Oysa herkesin, kendince, bir sürü derdi var. Ama biz bunları bilsek bile yok sayıyoruz. Yalnızca sıkıntısı olan bizmişiz gibi davranıyoruz. Aslında hepimiz benzer sorunlar yaşarken, ‘Benimki daha zor.’ deyip, diğerlerini küçümsüyoruz.
Ortak bilmeceler, ortak niyetler mazi, mazi de kalbimizde koca bir yara. Es kaza dillendirsek, şükretmeyi bilmiyoruz. Sussak otursak kenarda, zaten umursamıyoruz. Çoğul olma fikri de çöpe atılıyor bu eleştirilerin karanlığında. Geri dönüşümde bile yalnız kalıyoruz.
Zaman zaman umursayanlar çıkıyor, ama onlar da umursarmış gibi yapanlarla çığ gibi üzerimize düşüyor. Sanal gerçekliğimiz, gerçek dünyamızı bilinmeze sürüklüyor. Tam birlik olduk derken, bizi uçtan uca birbirimize karşı şifreliyor.
Yeni doğmuş bebekler bile telefon sesiyle rahatlıyor. Kurutma makinasının sesi out, iphone melody in.
Birilerine telefon edip çığlık atsanız kimse duymuyor ama; operatör çekmiyor o anda! Kesik kesik kelimeler, parça parça batıyor boğazınıza. Sonra nerenizden çıkaracağınızı bilemiyorsunuz. Belki yazıp çizerek, belki sadece gülerek halının altındaki tepeyi besliyorsunuz.

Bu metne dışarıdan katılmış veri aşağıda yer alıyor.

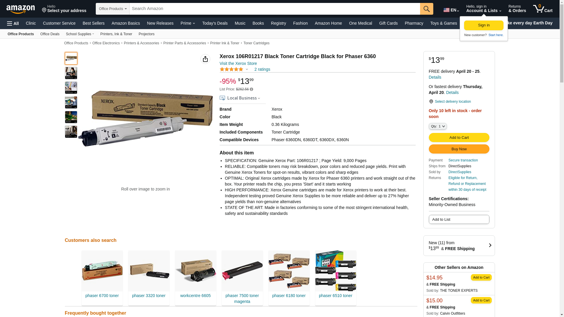 | Feature | Xerox 106R01217 OEM Toner - Phaser(R) 6360 Black Toner (9000 Yield) |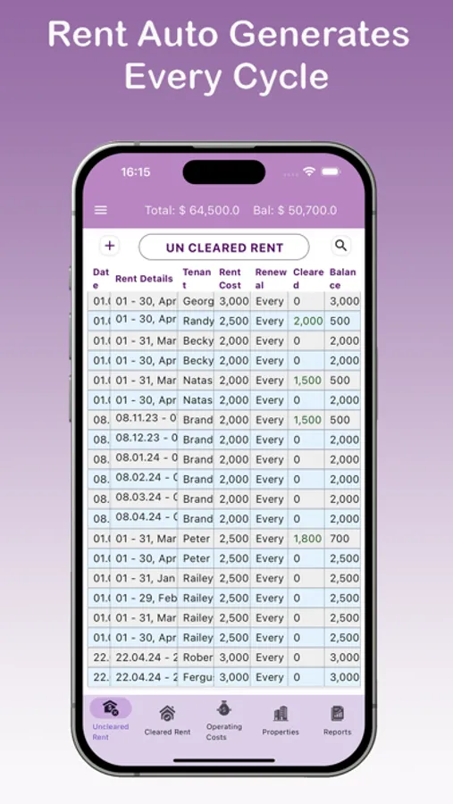 Manual & Automated Rent Data: Landlords can enter rent details manually or let the app's automated rent billing software generate rent data for all registered tenants each cycle.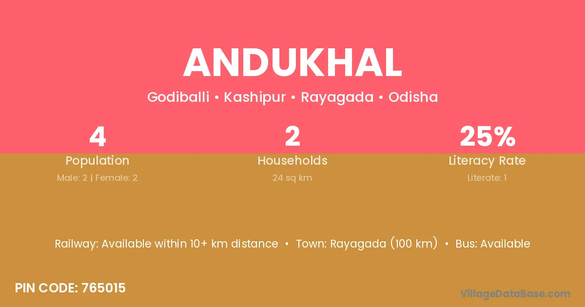 Rayagada (100 km) is the nearest town to Andukhal village for major economic activities and is located approximately 100 km away.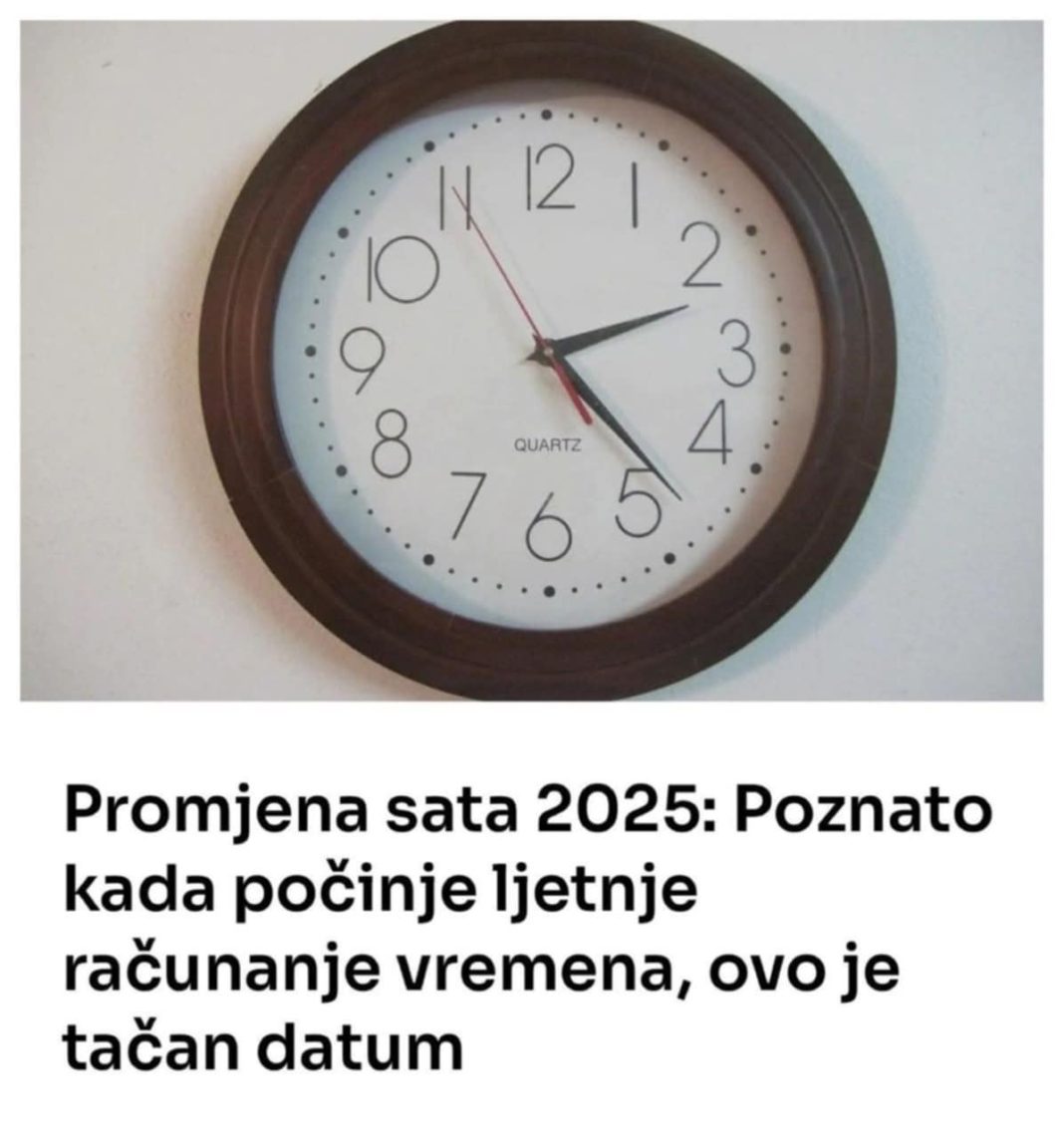 U 2025. godini, prema ustaljenoj tradiciji, sat ćemo pomaknuti dva sata unaprijed.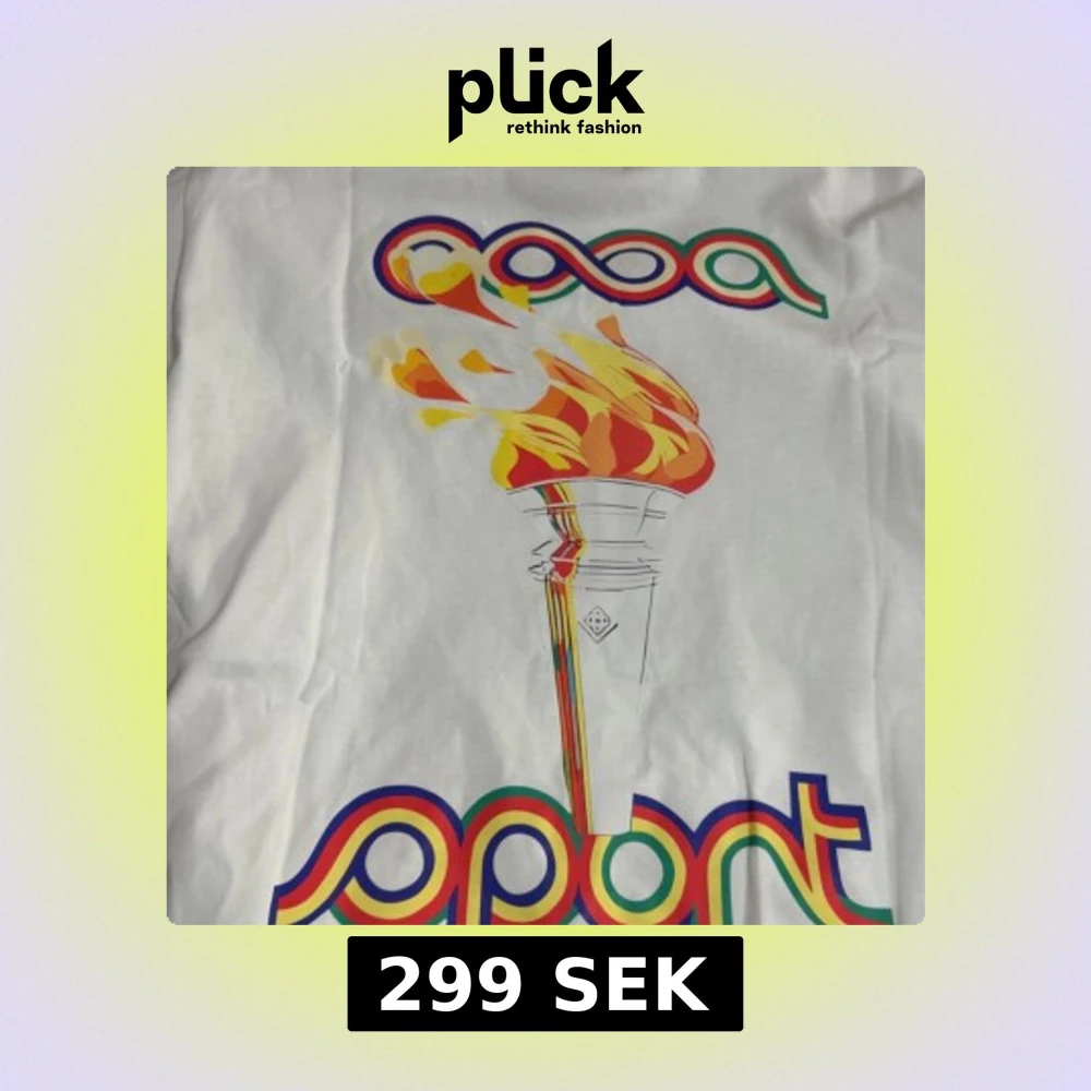 Vit t-shirt från Casablanca Sport med färgglad tryckt fackla och logga i rött, blått, grönt och gult på bröstet. Klassisk passform och rund hals. Perfekt statement-plagg för dig som gillar sportig och retro stil. Oanvänd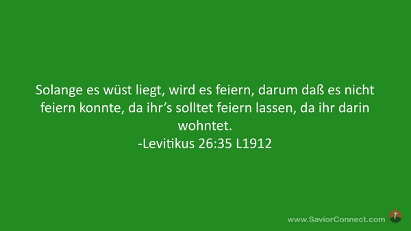 Solange es wüst liegt, wird es feiern, darum daß es nicht feiern konnte, da ihr's solltet feiern lassen, da ihr darin wohntet. -Levitikus 26:35 L1912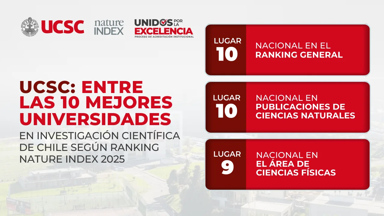 La Universidad Católica de la Santísima Concepción alcanza, por primera vez, el Top 10 nacional en productividad científica de alto impacto según Ranking Nature, destacándose en el ranking general, en Ciencias Físicas y en publicaciones de Ciencias Naturales.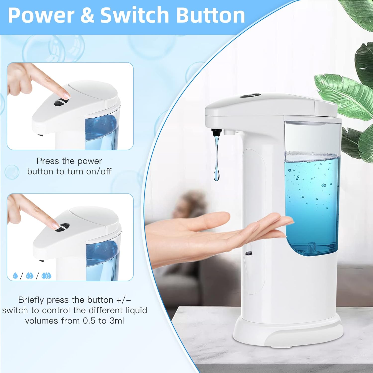 - 【Adjustable Soap Output Volume】: Features 3 different liquid dispensing volume settings, the no-touch soap dispenser allows us to set our desired volume easily by pressing the “+/-” buttons, so we make full use of the soap without waste!
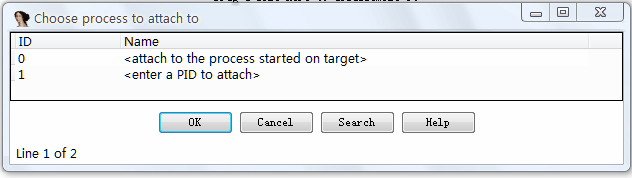 关闭所有的设置窗口,现在就可以进行附加了,点击ok之后将会弹出如图14所示的进程列表。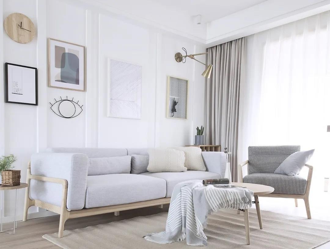 布艺材质一直是我钟爱的,与原木是绝配。这里我藏了一个小心机,选择浅灰色的沙发,这样后期我加上沙发垫或者沙发套更好搭配一些。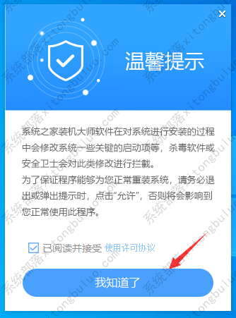 1、下载安装系统之家一键工具,首先关闭所有的杀毒软件,然后打开软件进行提示,仔细阅读后,点击我知道了进入工具。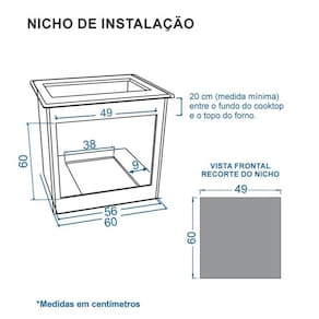 Forno elétrico de embutir com capacidade de 50 litros, controle de temperatura, função grill, timer grill, revestimento Easy Clean e porta removível.Timer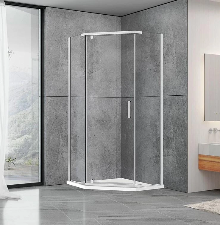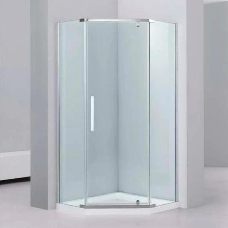 Душова кабіна Dusel А-1105 п'ятикутна, має одні розпашні двері на металевих петлях. У кабіни універсальне розташування двері (можливий як лівобічний, так і правобічний монтаж)
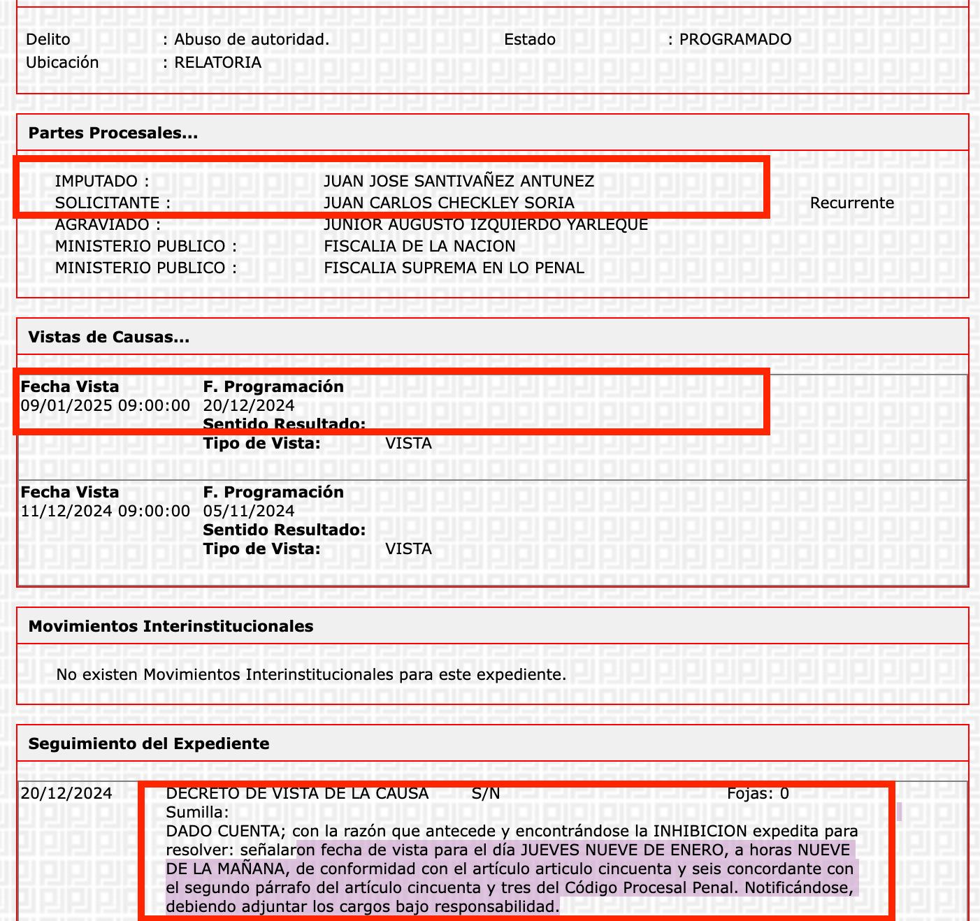 Como se recuerda, Checkley Soria se apartó del caso, luego de conocer que el ministro y él, compartían al mismo estudio de abogados en sus respectivas investigaciones.

Ne de olsa kendinizle alay etmekten öte bir çözüm kalmıyor ufukta.
Sonra üşüyorsunuz gecenin bir yarısı battaniyenizin altında. Önce bir esneme geliyor ağzınıza, sonra göz kapaklarınız kapanıyor yavaşça. En sonunda bedeniniz dayanamıyor beyaz ekranın ışığına, atıveriyorsunuz kendinizi yatağa.